In terms of how one conceptualizes the relationship of variation in genes to variation in a trait one can frame it as a spectrum with two extremes. One the one hand you have monogenic traits where the variation is controlled by differences on just one locus. Many recessively expressed diseases fit this patter (e.g., cystic fibrosis). Because you have one gene with only a few variants of note it is easy to capture in one’s mind’s eye the pattern of Mendelian inheritance for these traits in a gestalt fashion. Monogenic traits are highly amenable to a priori logic because their atomic units are so simple and tractable. At the other extreme you have quantitative polygenic traits, where the variation of the trait is controlled by variation on many, many, genes. This may seem a simple formulation, but to try and understand how thousands of genes may act in concert to modulate variation on a trait is often a more difficult task to grokk (yes, you can appeal to the central limit theorem, but that means little to most intuitively). This is probably why heritability is such a knotty issue in terms of public understanding of science, as it concerns the component of variation in quantitative continuous traits which is dispersed across the genome. The traits where there is no “gene for X.” Additionally, quantitative traits are likely to have a substantial environmental component of variation, confounding a simple genotype to phenotype mapping.

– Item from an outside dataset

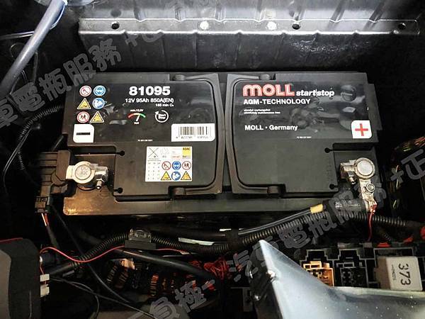 更換汽車電池為 MOLL莫爾 德國 AGM 81095 容量95AH 冷啟動電流850A(EN)
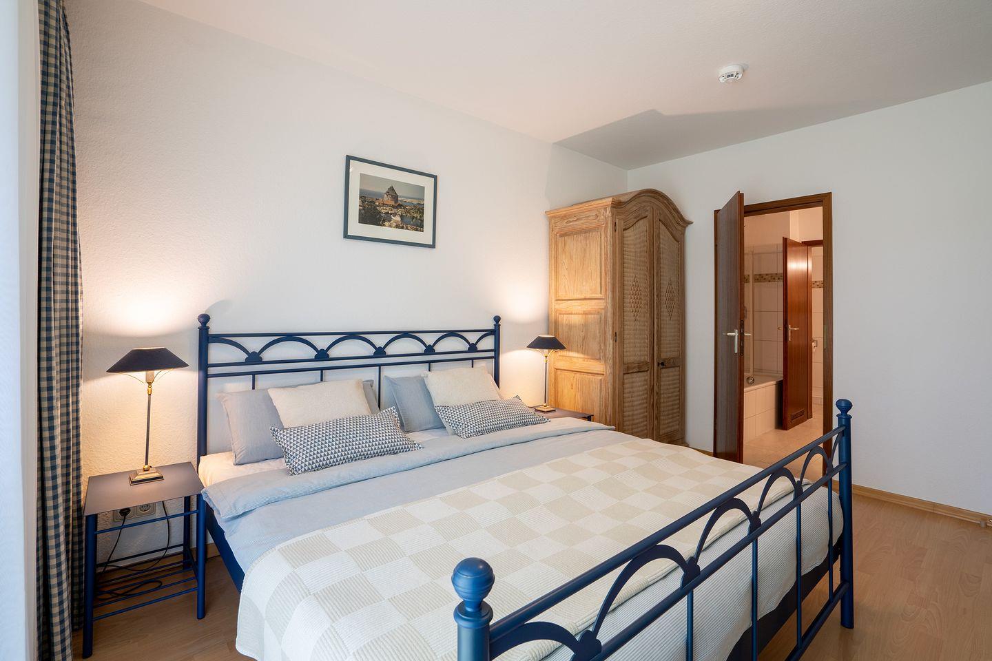Das geräumige Schlafzimmer ist mit einem Doppelbett (2 x 90 cm x 200 cm), Kleiderschrank und einem 32“ Flachbild-TV ausgestattet. WLAN ist kostenfrei nutzbar (bei Störung kein Ersatzanspruch).

Arguably the classic quantitative trait is height. It is clear and distinct (there aren’t arguments about the validity of measurement as occurs in psychometrics), and, it is substantially heritable. In Western societies with a surfeit of nutrition height is ~80-90% heritable. What this means is that ~80-90% of the variance of the trait value within the population is due to variance of the genes within the population. Concretely, there will be a very strong correspondence between the heights of offspring and the average height of the two parents (controlled for sex, so you’re thinking standard deviation units, not absolute units). And yet height is at the heart of the question of the “missing heriability” in genetics. By this, I mean the fact that so few genes have been associated with variation in height, despite the reality that who your parents are is the predominant determination of height in developed societies.